What the Amazon Alexa settlement means for parents


In the nearly ten years since Amazon launched its Alexa voice assistant, children have learned to embrace the always-on technology. They shout commands to Siri, Alexa and Google Assistant without thinking twice, asking it to play music, tell them stories or make silly jokes.

The tech’s popularity has grown in spite of privacy concerns and lawsuits. In May, the company said it had already sold more than half a billion Alexa devices.

This week, the Federal Trade Commission settled a lawsuit against Amazon over the company’s alleged failure to delete recordings of children when it should have. Regulators said Amazon would pay $25 million for violating federal child privacy laws.

(Amazon founder Jeff Bezos owns The Washington Post.)

Here is what parents need to know about protecting their children’s privacy when it comes to using voice assistants:

Stop smart speakers from saving your recordings

If parents decide to allow devices with cameras and microphones into their homes, the first thing they should do is adjust privacy and security settings.

Once you have an Alexa-enabled device like an Amazon Echo, open the Alexa app on your smartphone or tablet and go to Settings → Alexa Privacy → Manage your Alexa Data → Choose how long to save recordings. Select “Don’t save recordings” and hit confirm. Delete past recordings in the Alexa Privacy section, including your voice history and history of detected sounds.
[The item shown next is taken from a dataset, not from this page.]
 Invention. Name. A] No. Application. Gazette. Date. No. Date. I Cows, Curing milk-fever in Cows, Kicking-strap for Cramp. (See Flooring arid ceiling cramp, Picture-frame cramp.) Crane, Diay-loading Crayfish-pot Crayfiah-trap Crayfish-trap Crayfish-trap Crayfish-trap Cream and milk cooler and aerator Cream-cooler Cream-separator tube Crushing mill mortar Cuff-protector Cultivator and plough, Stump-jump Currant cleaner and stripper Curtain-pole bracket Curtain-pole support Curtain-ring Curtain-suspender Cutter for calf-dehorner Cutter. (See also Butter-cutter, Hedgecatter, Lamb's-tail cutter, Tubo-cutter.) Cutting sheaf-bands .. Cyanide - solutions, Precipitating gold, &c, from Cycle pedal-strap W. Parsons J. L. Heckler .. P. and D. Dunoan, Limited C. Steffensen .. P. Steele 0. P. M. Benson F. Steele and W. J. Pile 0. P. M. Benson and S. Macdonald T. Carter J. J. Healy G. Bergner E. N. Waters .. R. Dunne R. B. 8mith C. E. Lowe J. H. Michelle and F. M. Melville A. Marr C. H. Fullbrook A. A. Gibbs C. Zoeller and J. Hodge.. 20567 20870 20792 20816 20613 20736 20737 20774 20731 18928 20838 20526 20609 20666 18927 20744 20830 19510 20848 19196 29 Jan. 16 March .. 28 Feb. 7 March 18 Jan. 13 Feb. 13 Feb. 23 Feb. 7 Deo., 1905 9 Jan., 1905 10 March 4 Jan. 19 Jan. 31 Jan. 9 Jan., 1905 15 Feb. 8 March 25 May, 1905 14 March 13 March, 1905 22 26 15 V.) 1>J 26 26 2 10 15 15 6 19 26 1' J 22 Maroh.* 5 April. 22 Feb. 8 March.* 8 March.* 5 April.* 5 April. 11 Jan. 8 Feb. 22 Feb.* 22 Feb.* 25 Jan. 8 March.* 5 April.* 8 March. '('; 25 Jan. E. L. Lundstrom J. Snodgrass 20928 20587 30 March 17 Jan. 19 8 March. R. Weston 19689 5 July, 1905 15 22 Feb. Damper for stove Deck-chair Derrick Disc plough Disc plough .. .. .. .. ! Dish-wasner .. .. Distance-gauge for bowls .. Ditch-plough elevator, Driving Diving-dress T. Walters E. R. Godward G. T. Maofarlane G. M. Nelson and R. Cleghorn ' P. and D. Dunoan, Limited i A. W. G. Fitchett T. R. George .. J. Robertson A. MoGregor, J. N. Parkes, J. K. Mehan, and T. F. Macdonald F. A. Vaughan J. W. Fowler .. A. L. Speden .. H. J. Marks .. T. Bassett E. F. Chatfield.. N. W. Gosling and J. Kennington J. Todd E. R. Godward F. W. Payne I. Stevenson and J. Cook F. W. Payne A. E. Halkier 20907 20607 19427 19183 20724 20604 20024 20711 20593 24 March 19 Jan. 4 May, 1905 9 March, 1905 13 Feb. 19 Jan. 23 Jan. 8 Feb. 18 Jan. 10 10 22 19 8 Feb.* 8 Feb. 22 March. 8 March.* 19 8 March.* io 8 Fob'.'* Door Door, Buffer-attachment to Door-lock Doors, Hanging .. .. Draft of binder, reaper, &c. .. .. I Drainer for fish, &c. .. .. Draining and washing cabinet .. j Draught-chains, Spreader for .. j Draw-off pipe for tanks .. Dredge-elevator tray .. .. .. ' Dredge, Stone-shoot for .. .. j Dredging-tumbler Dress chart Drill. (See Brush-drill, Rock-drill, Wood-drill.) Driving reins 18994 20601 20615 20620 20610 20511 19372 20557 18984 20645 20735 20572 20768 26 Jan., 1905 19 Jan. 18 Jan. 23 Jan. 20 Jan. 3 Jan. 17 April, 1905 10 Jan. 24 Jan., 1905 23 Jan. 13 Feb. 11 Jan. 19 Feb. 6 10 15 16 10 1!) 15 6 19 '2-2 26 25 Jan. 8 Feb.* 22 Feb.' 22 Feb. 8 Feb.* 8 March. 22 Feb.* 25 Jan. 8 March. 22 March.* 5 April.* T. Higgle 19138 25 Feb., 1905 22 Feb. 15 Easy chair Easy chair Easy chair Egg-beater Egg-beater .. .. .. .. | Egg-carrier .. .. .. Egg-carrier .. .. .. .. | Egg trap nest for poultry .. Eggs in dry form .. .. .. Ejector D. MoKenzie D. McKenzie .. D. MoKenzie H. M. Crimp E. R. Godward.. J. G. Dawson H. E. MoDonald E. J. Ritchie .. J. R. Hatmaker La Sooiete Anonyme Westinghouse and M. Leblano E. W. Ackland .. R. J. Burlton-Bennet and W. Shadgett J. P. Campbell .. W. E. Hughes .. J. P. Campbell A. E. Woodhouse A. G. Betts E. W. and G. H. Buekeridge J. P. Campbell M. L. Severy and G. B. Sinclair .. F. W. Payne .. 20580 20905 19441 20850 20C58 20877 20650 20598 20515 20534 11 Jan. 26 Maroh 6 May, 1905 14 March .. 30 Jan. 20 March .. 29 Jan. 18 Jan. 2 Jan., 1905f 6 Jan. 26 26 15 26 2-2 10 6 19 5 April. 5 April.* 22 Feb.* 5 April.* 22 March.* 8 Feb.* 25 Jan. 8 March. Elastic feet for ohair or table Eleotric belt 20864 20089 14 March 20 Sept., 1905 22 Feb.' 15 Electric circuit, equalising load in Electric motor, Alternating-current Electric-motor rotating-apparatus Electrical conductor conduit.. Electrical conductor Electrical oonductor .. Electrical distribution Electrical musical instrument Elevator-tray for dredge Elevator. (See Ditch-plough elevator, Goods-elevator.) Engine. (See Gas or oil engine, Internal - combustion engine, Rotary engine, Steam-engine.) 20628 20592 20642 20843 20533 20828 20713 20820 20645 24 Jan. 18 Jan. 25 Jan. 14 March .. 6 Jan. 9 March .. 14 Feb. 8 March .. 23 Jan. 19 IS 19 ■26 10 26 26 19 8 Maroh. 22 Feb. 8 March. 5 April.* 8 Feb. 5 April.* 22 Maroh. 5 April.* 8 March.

While you’re in Settings, turn off interest-based ads, the option to improve Alexa with your recordings, and the option for Amazon to use your Alexa messages to improve transcription. Finally, disable Voice Purchasing lest you end up with a pile of Amazon orders your kids made.

If you have an Echo Show or other device with a camera built in, make sure the cover is over the camera at all times unless you are using the device for video calls.

Teach your kids about how the tech works

Children don’t really question why a gentle disembodied voice does their bidding, but they probably should. To help them make the right choices around technology, tell them a little about how it works, who owns it and any potential downsides of using it.

Depending on their age, you can tell them how private companies collect data from tablets, smartphones, watches and speakers — everything from their YouTube history to physical location.

Turn on parental controls

Alexa makes an Echo just for kids that comes in cute animal designs and is supposed to give only kid friendly replies. It also lets you make profiles for everyone in your family for use across devices.

You can set up parental controls in Alexa settings by going to parents.amazon.com. There are options for daily time limits and filtering content by factors like their age.

Keep in mind that to use kids’ profiles you are giving Amazon consent to collect some data about your children. It’s required to use some of the kid-specific features on Alexa-enabled devices.

Know what the lawsuit means for you

If you are a parent and your family used to use Alexa and the settlement has made you anxious, know that the company is now required to delete all inactive profiles and associated data.

Amazon is also now required to actually delete data when parents make a request, so if your family still uses Alexa and you want to do that, follow the instructions above.

Parents should also look out for updates from Amazon, which is now required to tell customers about the settlement as well as make them aware of “its retention and deletion practices.” The company will also be creating a privacy program specifically targeted at protecting geolocation data.

The FTC said the recordings helped Amazon create “a valuable database for training the Alexa algorithm to understand children.”

“Our devices and services are built to protect customers’ privacy, and to provide customers with control over their experience,” said Amazon spokeswoman Parmita Choudhury in a statement. “While we disagree with the FTC’s claims…and deny violating the law, these settlements put these matters behind us.”

As for that $25 million settlement, it will not go to impacted families. Instead, like all Children’s Online Privacy Protection Act penalties, it will go straight to the U.S. Treasury.